As a doctor, I know that new coVID-19 data arrive daily. If kept up to date, you can make wise decisions to prevent you and our circle of family members from becoming infected. Here are the latest data you want to know about COVID-19, from A to Z. You can locate unexpected facts and new resources. The more you know, the more you can do yourself and your loved ones. Read on and to determine your fitness and the physical condition of others, don’t miss those specific symptoms you’ve had before with coronavirus.
1
Other older people are more likely to die of COVID. Although the mortality rate is around 1% for the population as a whole, it increases to 3. 6% for those over 60, 14% to 70 and 14. 8% to 80, according to COVID Evidence Service. Eight out of 10 COVID deaths in the United States involve adults over the age of 65.
Anyone over the age of 50 takes serious precautions to avoid the disease, especially if they have other threat points such as obesity, diabetes or central illness.

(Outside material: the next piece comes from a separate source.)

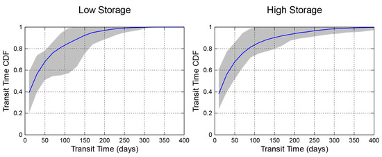 Cumulative transit-time distributions obtained via forward particle tracking for low-storage (LS) and high-storage (HS) conditions. The blue line represents the average distribution estimated over all the LS or HS dates considered (see Figure 7). The gray envelope shows the variability of the distributions by indicating the minimum and maximum cumulative probabilities of a given time.

The CDC recommends that seniors restrict social contact as much as possible. If you faint, take steps to avoid becoming infected:
Plan your trip.
Stay outdoors as long as possible.
Keep at least six feet from people.
Wear a mask on your nose and mouth when you encounter others indoors, in public shipments, or in a position where social distance is difficult.
Wash your hands before and after the visit.
The biggest threat is attending giant meetings where participants come from families they don’t know.
2
According to a recent review by Lancet, blacks in the United States account for 13. 4% of the population, but account for 28% to 70% of COVID (state-depending) deaths. In predominantly black communities, COVID infection rates are 3 times higher than in predominantly white communities.
The reasons are not well understood. Current Problems in Cardiology recently reported that BAME teams tend to have higher degrees of comorities such as high blood pressure, cardiovascular disease and diabetes. Black families are more likely to be overcrowded and have worse living conditions. It is not transparent if there are express biological points that put them at greater risk.
3
If your checkup is positive for COVID-19, anyone you’ve been in close contact with recently will be touched. They are asked to self-insulate for 14 days to transmit the virus. A “close touch” is a user who has been within six feet of you for at least 15 minutes, in the two days prior to the onset of symptoms, or before a positive result in verification.
Contact studies are one of the main teams to control the pandemic. Since 80% of other people inflamed with COVID-19 are asymptomatic, asymptomatic patients are as contagious as symptomatic patients and that a user can infect another 406 people in 30 days, Touch location can save you a lot of diseases.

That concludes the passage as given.